Seth Gordon: The King of Kong

János Richter, direction student at the Zelig Documentary Film School in Bolzano has written this review:

Billy Mitchell has a carefully styled mullet haircut and wears patriotic ties. His whole appearance communicates his conception of perfection. He is the owner of a hot sauce company and the world record holder in the arcade game Donkey Kong. „There is a level of difference between people that translates into games“, Mitchell states in an interview. On high score lists he appears as „USA“.

Throughout his childhood Steve Wiebe’s mother suspected him of being a little autistic. Wiebe works as a science teacher and is an obssesive drummer and a would-be composer. He started off with lots of different things, but nothing came up to his expectations. His biggest dream is to establish a new world record in Donkey Kong.

The film follows Wiebe who seems to neglect his family while trying to gain immortality in the world of arcade games. On the contrary, Mitchell is never shown playing the game in the film, though he states the importance of playing in public. He rather exercises himself in psychological warfare by setting people on Wiebe during his attempts to set a new record. At a tournament in Mitchell’s hometown Wiebe desperately waits to play against Mitchell who eventually shows up, but refuses to play. When Wiebe finally breaks the record, Mitchell responds by sending a vhs tape which shows him gaining a higher score than Wiebe just did. Nonetheless Wiebe is convinced that Mitchell made him a better person.

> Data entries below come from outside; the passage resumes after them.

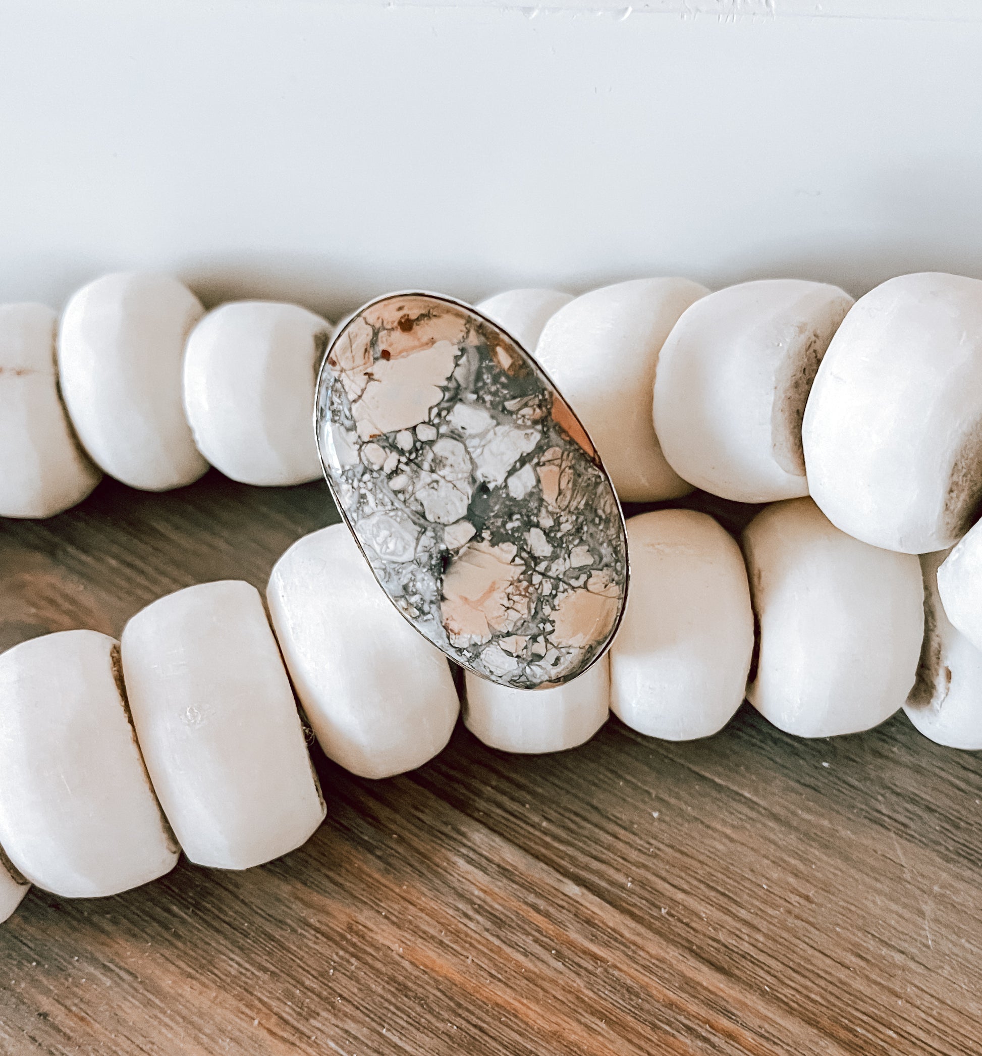 Crafted from genuine sterling silver, this ring showcases a striking jasper stone that brings natural earth tones and distinctive veining to your collection. Jasper is prized for its grounding properties and unique patterns, making each piece genuinely one-of-a-kind. The polished silver band provides a refined contrast to the stone's organic beauty, offering versatility for both everyday wear and special occasions. An understated yet elegant choice for those who appreciate quality materials and timeless design.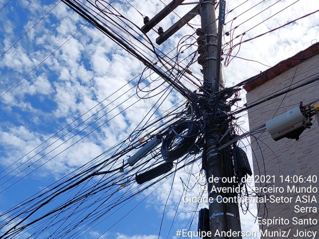 Quem anda pelas ruas da Serra já observou em algum ponto da cidade a quantidade de fios caídos de postes em vias públicas. Além de promover poluição visual, há ainda o problema dos fios que ficam pendurados e na maioria das vezes, é quase impossível saber quem é o dono da “bagunça”, se é a concessionária de energia elétrica ou as empresas de telefonia.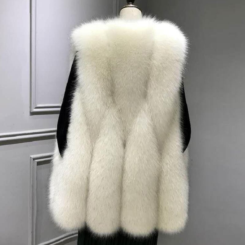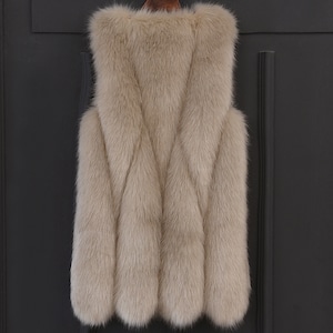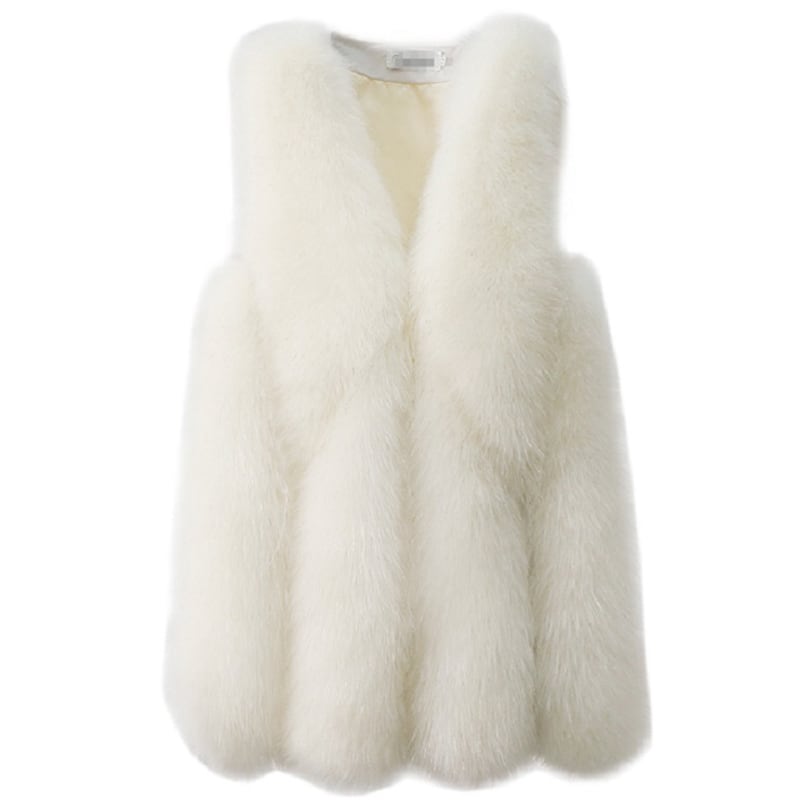 シンプルなコーディネートに華やかさを添えるフェイクファーベスト。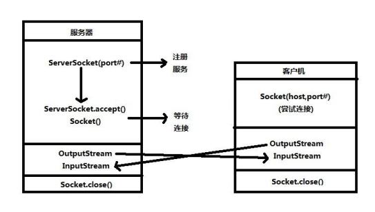 在 Java 中,TCP/IP 接口的连接是由 java.net 包中的类实现的。如图表示的是 Socket 连接过程中客户端和服务器端的工作原理。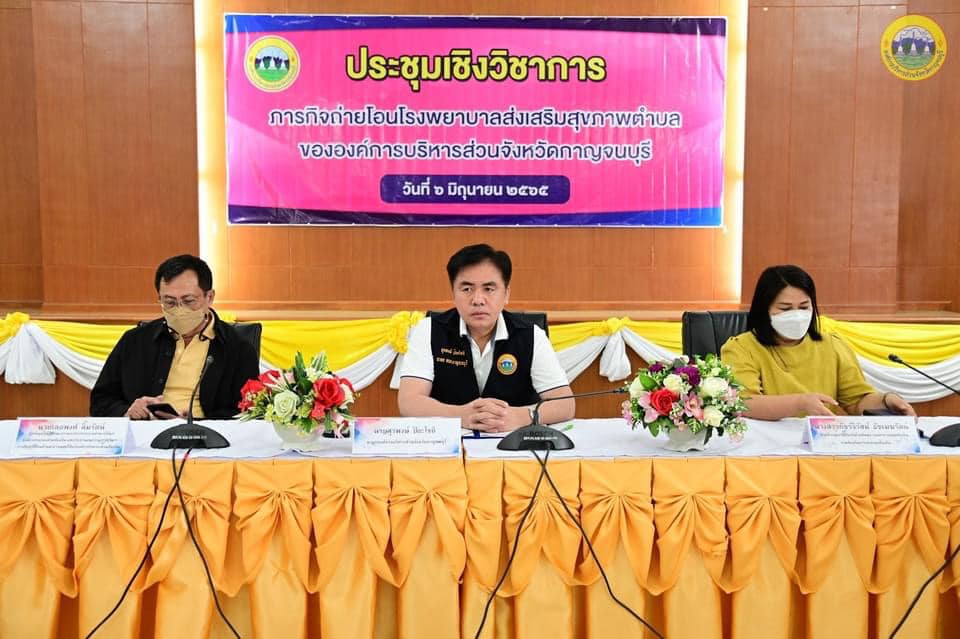 นายสุรพงษ์ ปิยะโชติ นายกองค์การบริหารส่วนจังหวัดกาญจนบุรี เป็นประธานการประชุมซักซ้อมการถ่ายโอนภารกิจโรงพยาบาลส่งเสริมสุขภาพตำบลให้แก่องค์การบริหารส่วนจังหวัดที่จะต้องดำเนินการในส่วนของความคืบหน้าแนวทางการส่งมอบโดยมีคณะผู้บริหาร สมาชิกสภาองค์การบริหารส่วนจังหวัด หัวหน้าส่วนราชการ ผู้แทนจากสำนักงานสาธารณสุขจังหวัดกาญจนบุรี ผู้แทนจากสำนักงานสาธารณสุขอำเภอ และผู้แทนจากโรงพยาบาลส่งเสริมสุขภาพตำบล เข้าร่วมประชุม ฯ โดยมีวิทยากรผู้ทรงคุณวุฒิ นายเลอพงศ์ ลิ้มรัตน์ ผู้ทรงคุณวุฒิในคณะกรรมการการกระจายอำนาจให้แก่องค์กรปกครองส่วนท้องถิ่น และประธานอนุกรรมการบริหารภารกิจถ่ายโอนด้านสาธารณสุขให้แก่องค์กรปกครองส่วนท้องถิ่น นางภัชร์จิรัสม์ ธัชเมฆรัตน์ หัวหน้ากลุ่มงานป้องกันโรคติดต่อ กองสาธารณสุขท้องถิ่น กรมส่งเสริมการปกครองท้องถิ่น พร้อมทั้งตอบข้อซักถาม ณ ห้องประชุมบุษราคัม ชั้น 1 องค์การบริหารส่วนจังหวัดกาญจนบุรี
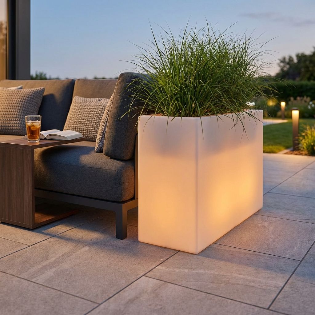 La fioriera RON è la scelta perfetta per aggiungere un tocco di stile al tuo giardino. Con la sua forma elegante e moderna, illuminata da una lampada multicolor, questa fioriera farà sicuramente colpo sui tuoi ospiti. Realizzata con materiali di alta qualità, come il polietilene semi trasparente opacizzato, offre un effetto scenico sorprendente. Inoltre, è dotata di una lampada led RGB con telecomando per scegliere il colore desiderato. Non solo, ma questa versione presenta anche un pannello fotovoltaico per caricare la batteria durante il giorno, così potrai goderti la luce accogliente del tuo vaso luminoso anche nelle serate estive. Non lasciarti sfuggire l'opportunità di trasformare il tuo giardino in uno spazio incantevole con la fioriera RON.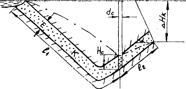 Своеобразные условия дренажа возникают на тех участках фильтрующих откосов, где падение слоев направлено в сторону массива (рис. 8.8). В этом случае появляется возможность полного устранения высачивания на откосе при работе дренажных скважин. В частности, пользуясь методом фильтрационных сопротивлений, нетрудно показать, что для случая Нсж 0 такая возможность реализуется при выполнении требования: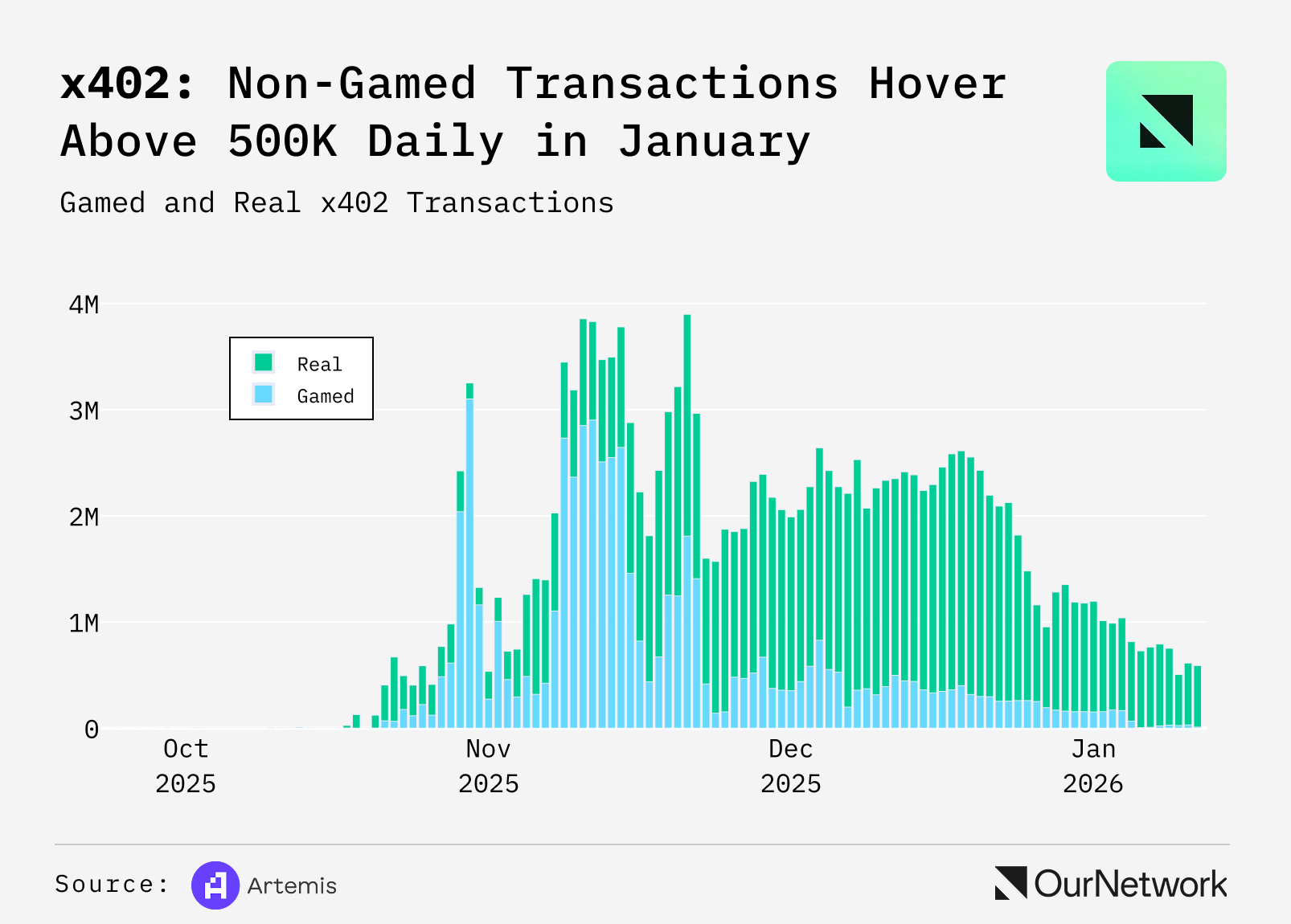 While the number of x402 transactions has trended downward somewhat, the number of non-gamed transactions has reduced to essentially zero.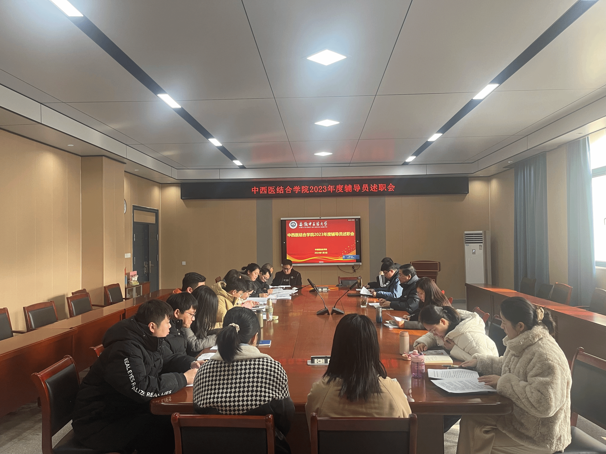 为提升辅导员队伍的专业化育人能力和水平,持续推进辅导员内涵式建设和品牌化发展,2024年1月3日下午,中西医结合学院组织召开2023年辅导员述职交流会。学院党委书记尹必武、党委副书记顾义俊、副院长王靓和全体专兼职辅导员参加交流会,会议由顾义俊主持。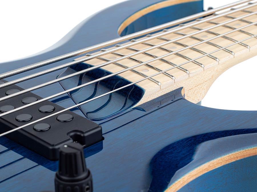 Composed of a 3-band EQ and a switch allowing complete tonal control from the active or passive modes, when combined with Marcus Blue Humbucker Pickup produces strong and solid mid-tones.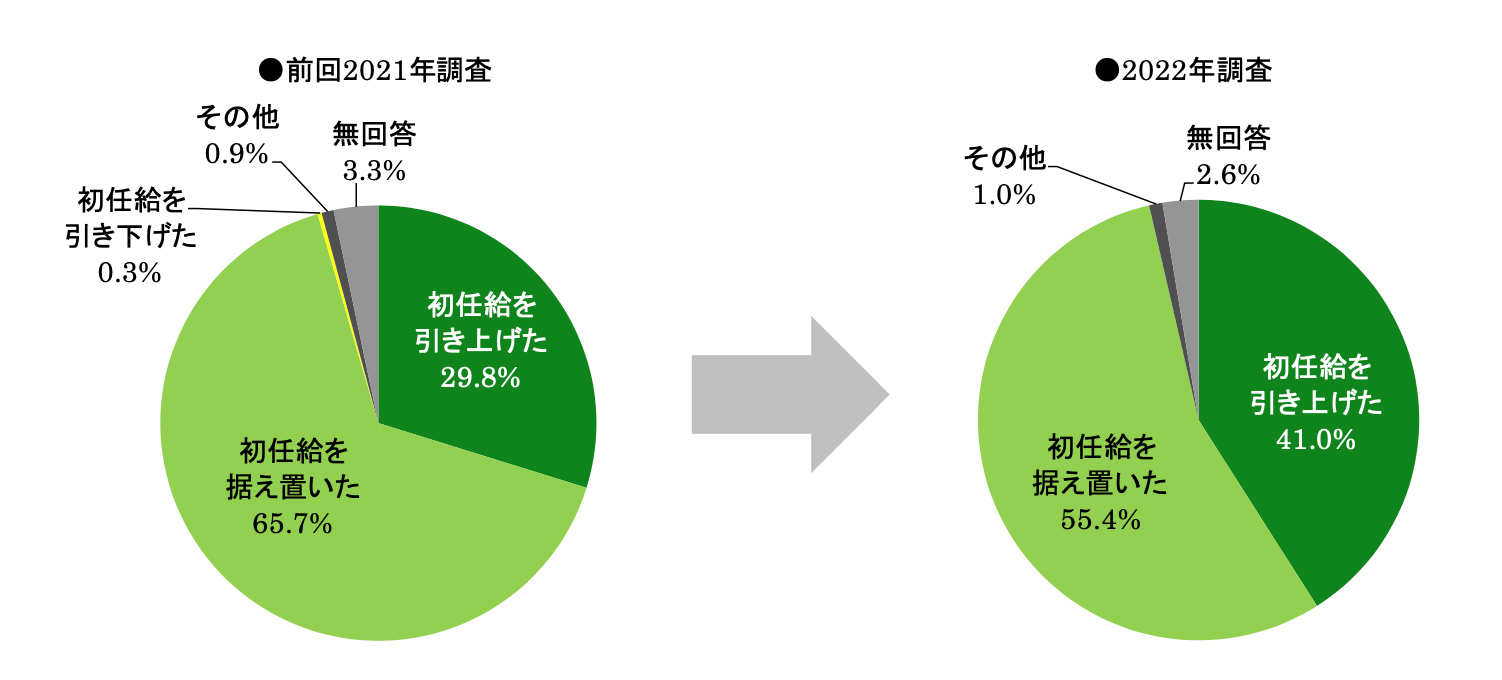 2022年4月入社者の初任給を「据え置いた」企業が増加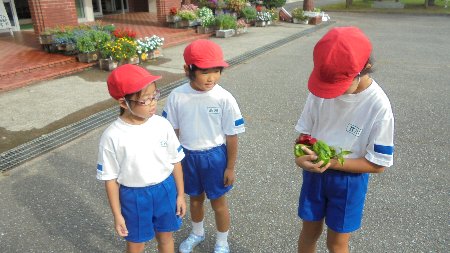 そのそばを最後の収穫でしょうか、畑から土日の間に実ったピーマンなどを教室に2年生が運んでいました。この前ピーマンをもらいました。美味しそうだったのでその場で丸かじりすると驚いていました(笑)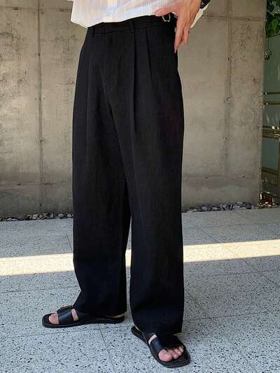 Calça Preta Sólida de Commuter com Cintura Ajustável, Primavera/Verão-42%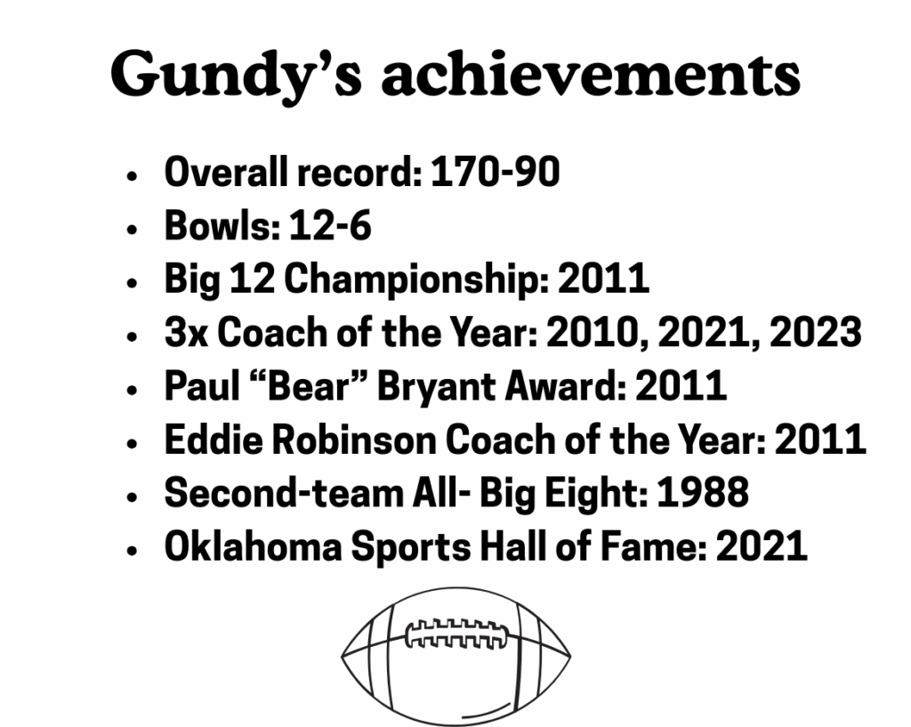 Gundy had a lot of accomplishments as a coach. His overall record was 170-90 in 21 seasons. He had eight 10-win seasons, he held National Coach of the Year awards in 2011 he was given both the Paul “Bear” Bryant Award and the Eddie Robinson Award. He was Big 12 Coach of the Year three times; these took place in 2010, 2021 and 2023. He won the 2011 Big 12 Championship and has finished in the Top 10 ranking 11 times.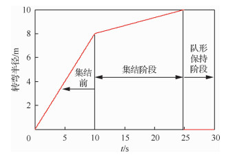 | 图 5 无人机转弯半径曲线图 Fig. 5 Curve of turning radius of UAV formation |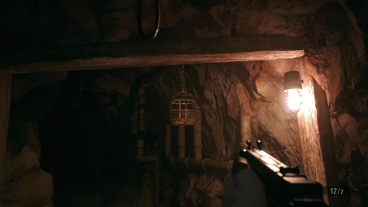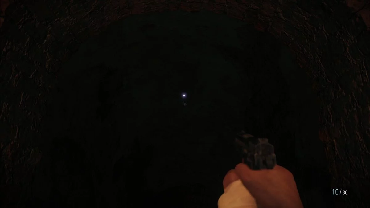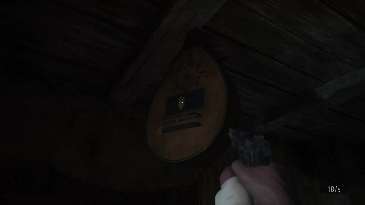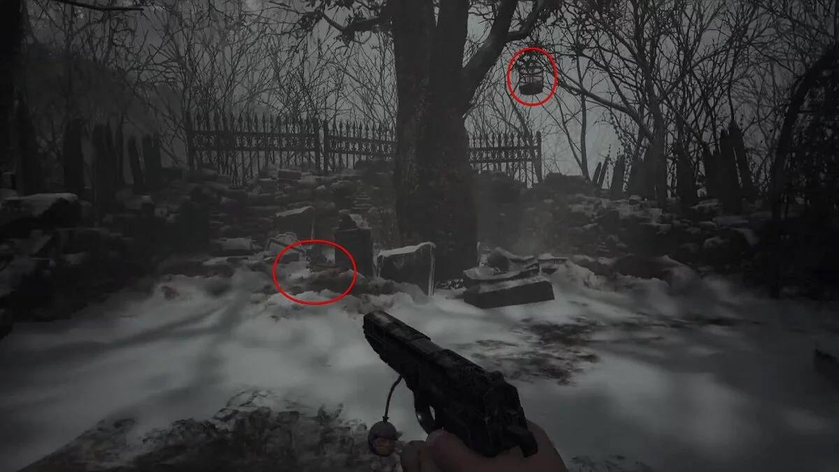 Также в этом подвале есть патроны в центральной комнате с третьим светильником, в левой комнате — монеты (500 x2, 1200, 300 и 2500), в правой комнате — патроны (X2). В комнате со статуей еще лежат патроны револьвера. Теперь выходите и идите к разводному мосту. При помощи рукоятки опустите его и пройдите в новую локацию. Вы здесь уже были ранее, после того, как выбрались из замка Димитреску. Идите через окно на задний двор и примените колесо от колодца. Спускайтесь по лестнице на дно колодца. Здесь предстоит решить загадку.

The flim is made in a conventional way – lots of interviews, lots of music, clear storyline -, but succeeds to entertain. One of the few stylistic exceptions is a montage in which we watch and hear Wiebe playing drums. It is intercut with images showing traumatic experiences from Wiebe’s youth and him playing Donkey Kong. The men’s efforts aren’t really being questioned, although there is a scene in which Wiebe’s daughter remarks that some people „sort of ruin their lifes“ while trying to establish records. It would have been interesting to find out more about the men’s motivations.

USA, 2007, 77 min.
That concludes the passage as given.